А больше всего меня пугало, что я, может, и впрямь рад.
Я затянул было унылую песню о том, что если она не пойдёт, то и я не пойду, нечего мне там делать одному среди Серёжкиных сверстников, но тут по простоте своей упёрся сын: пап, это и тебе будет любопытно, и ты, вообще говоря, уже обещан. Надежда всем давно раззвонила, что тебя очень интересно слушать, и настаивала, чтобы я тебя привёл… Вот ещё новости, в сладком ужасе подумал я, а Маша, заслышав такое, буквально взашей вытолкала меня из дома.

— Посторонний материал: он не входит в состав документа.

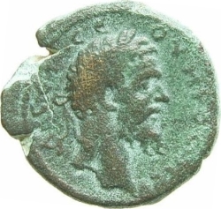 laureate head of Septimius Severus, right, with drapery on shoulder, facing laureate head of Caracalla, left, with drapery on shoulder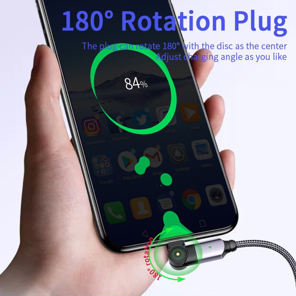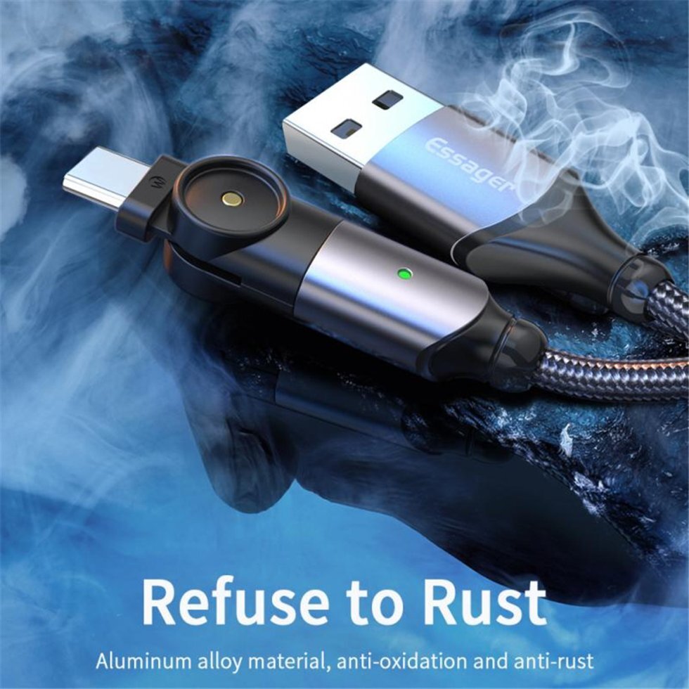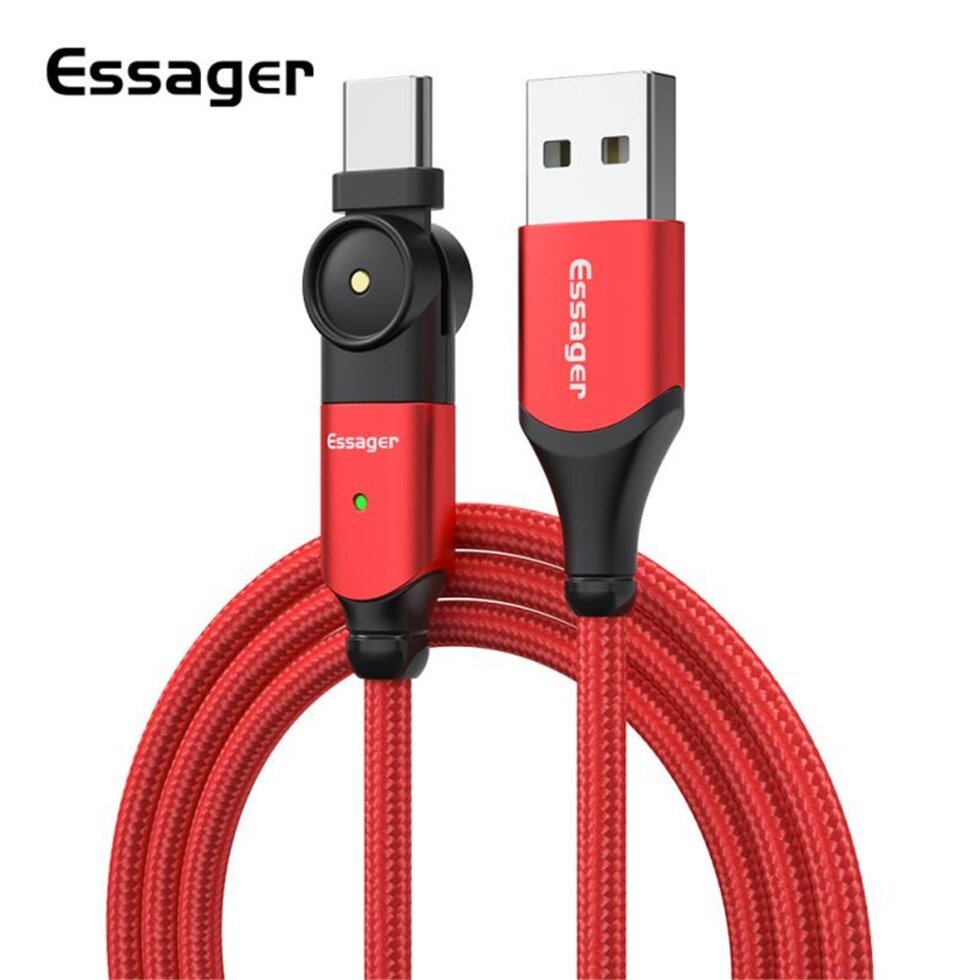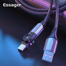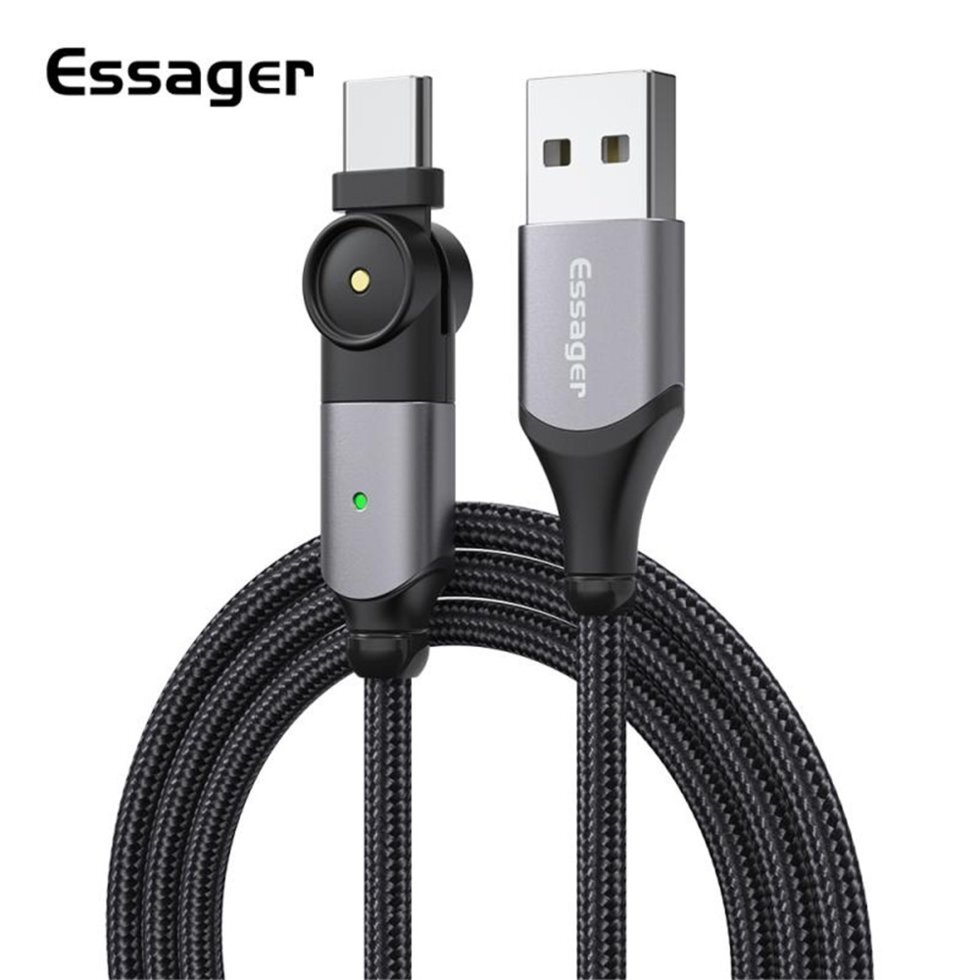 ESSAGER USB Type-C кабель для передачи данных, вращающийся на 180 градусов, быстрая зарядка для Mi10 P30 P40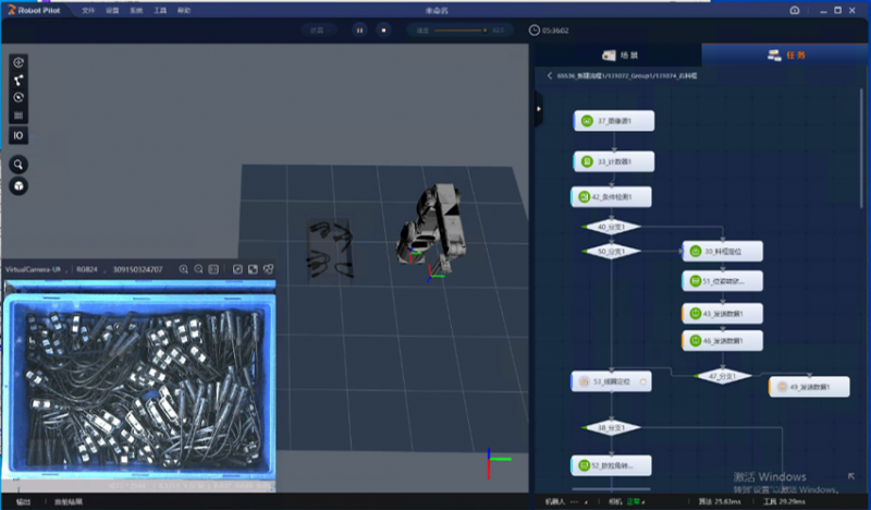 使用相機拍攝型材中部,RP輸出一組型材抓取點引導(dǎo)機械臂進行抓取 |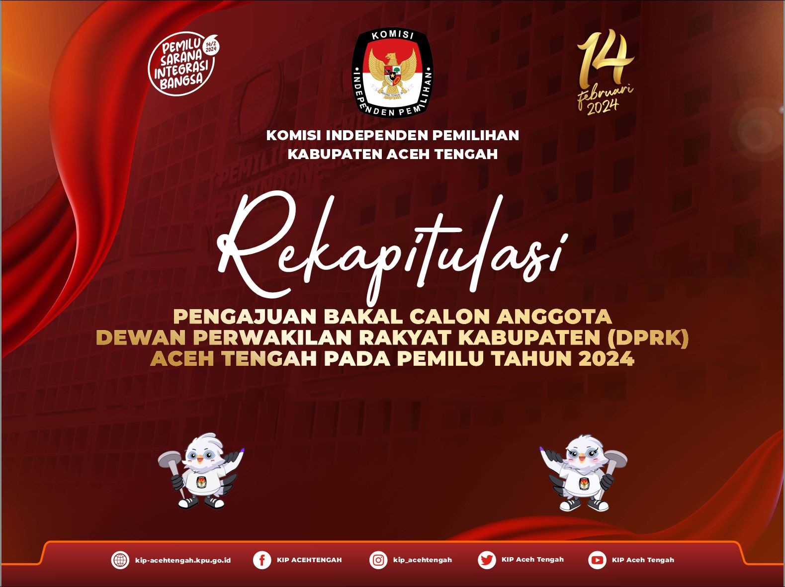 Berikut Rekapitulasi penerimaan pengajuan Bakal Calon Anggota DPRK Aceh Tengah pada Pemilu Tahun 2024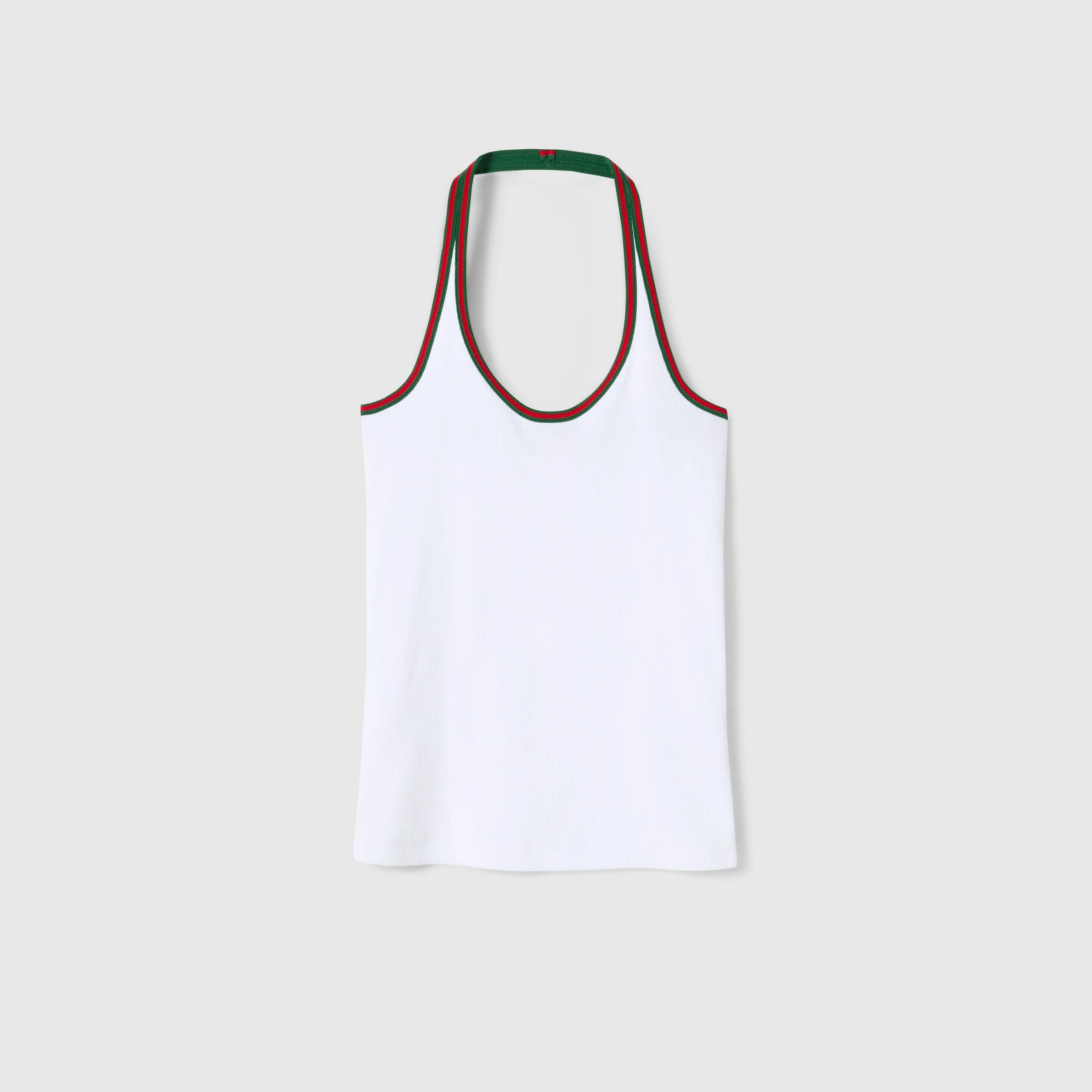 Sportswear-inspired pieces are elevated with the Web detail. The pieces balance comfort and statement, complete with signature house codes. Crafted from white heavy cotton rib, this tank top is finished with a Gucci embroidery. - White heavy cotton rib - Green and red Web trim - Gucci embroidery - Scoop neck - Sleeveless - Length: 16.1"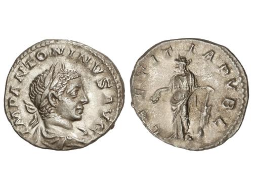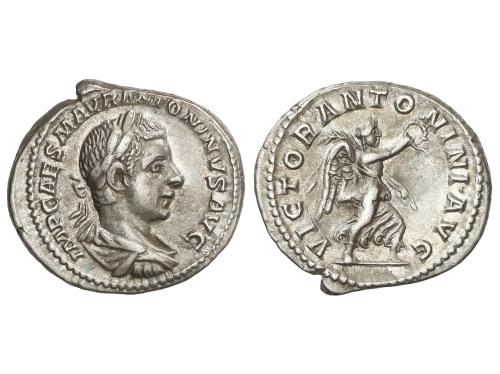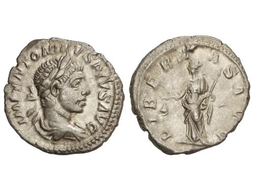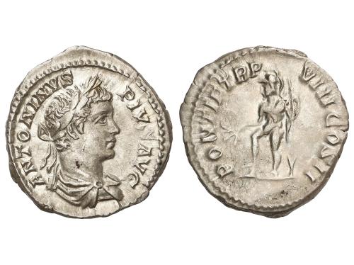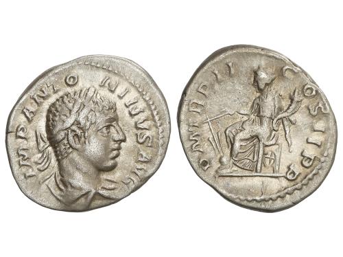 IMPERIO ROMANO. Denario. 219 d.C. HELIOGÁBALO. Anv.: IMP ANTONINVS AVG. Busto laureado a derecha. Rev.: P M TR P II COS II P P. Fortuna sentada sosteniendo timón colocado sobre un globo terráqueo con su mano derecha y una cornucopia en la izquierda; debajo del asiento, una rueda. 2,63 grs. C-149; RIC-19. MBC.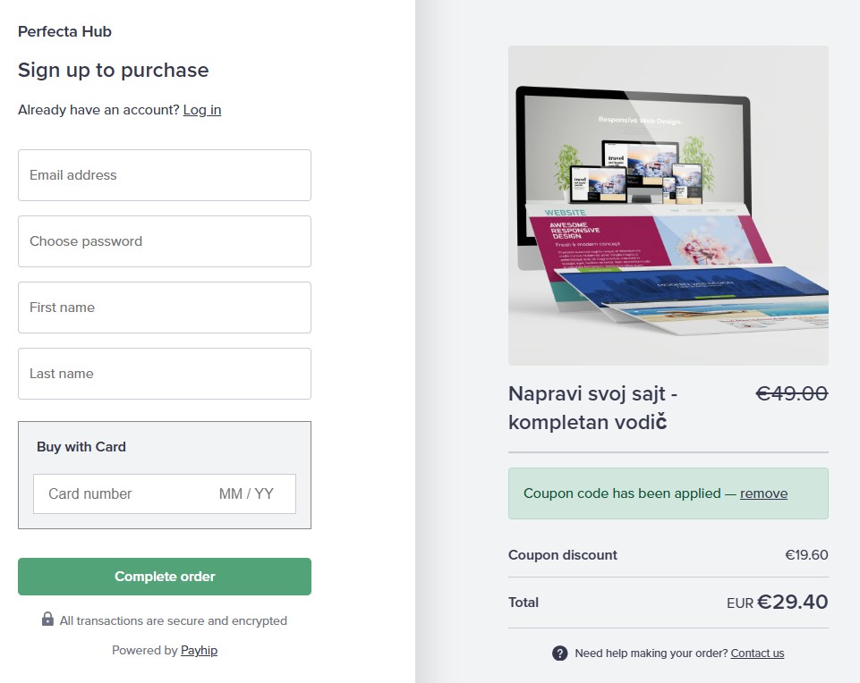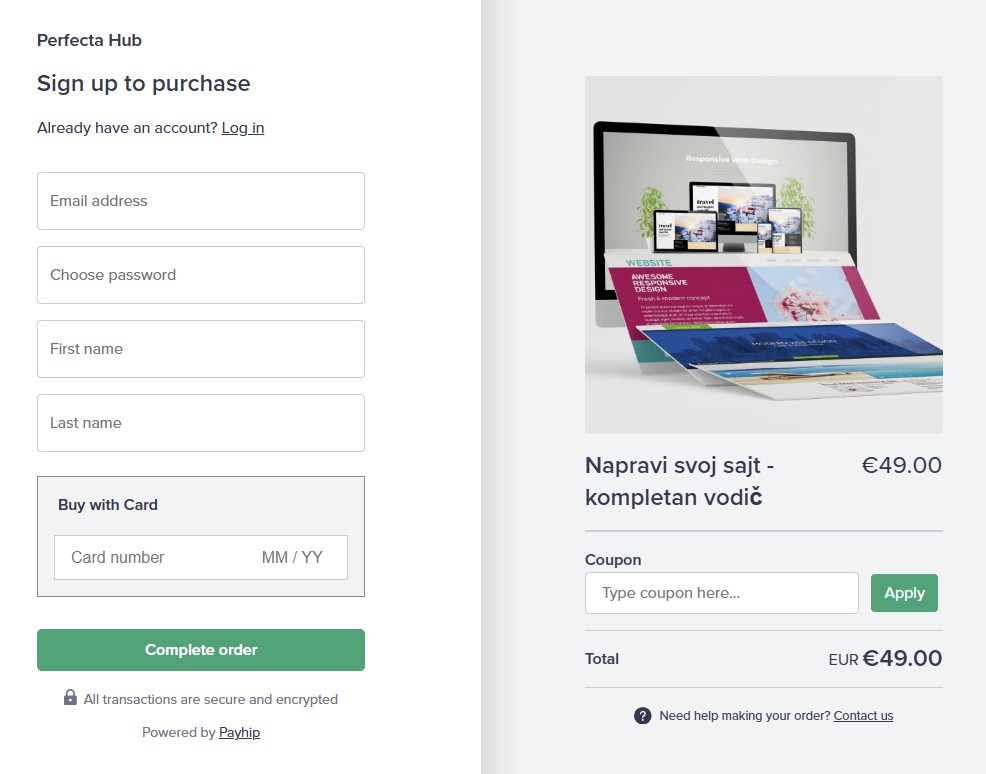 Kurs je dostupan na platformi Payhip, britanskoj platformi integrisanoj sa poznatim i sigurnijim načinima plaćanja uključujući kartice i PayPal.

Хорошо, что я не из вождей, чьи лица примелькались в газетах и на экранах. Я всегда прятался в сторонке, и вот теперь это снова играло мне на руку. Я мог безбоязненно ездить хоть в трамвае, хоть в метро, хоть в кино ходить на общих основаниях; и вот теперь, шагая в писательский клуб, ещё и поёживался: я же не писатель, а вдруг там строго и меня не пустят? Даже вообразить нельзя, как повёл бы себя народ, повстречав в вагоне одиноко цепляющегося за вислую ремённую петлю Лаврентия, Лазаря или, скажем, завидев Кобу, смиренно просящего, несмотря на отсутствие у него писательского удостоверения, пустить его на нынешнюю вечеринку. Впрочем, просто не поверили бы своим глазам. Решили бы, что сходство. Милицию, наверное, вызвали бы на всякий случай: мол, антисоветская выходка – какой-то враг народа с неизвестной целью загримировался под всенародно и горячо любимого…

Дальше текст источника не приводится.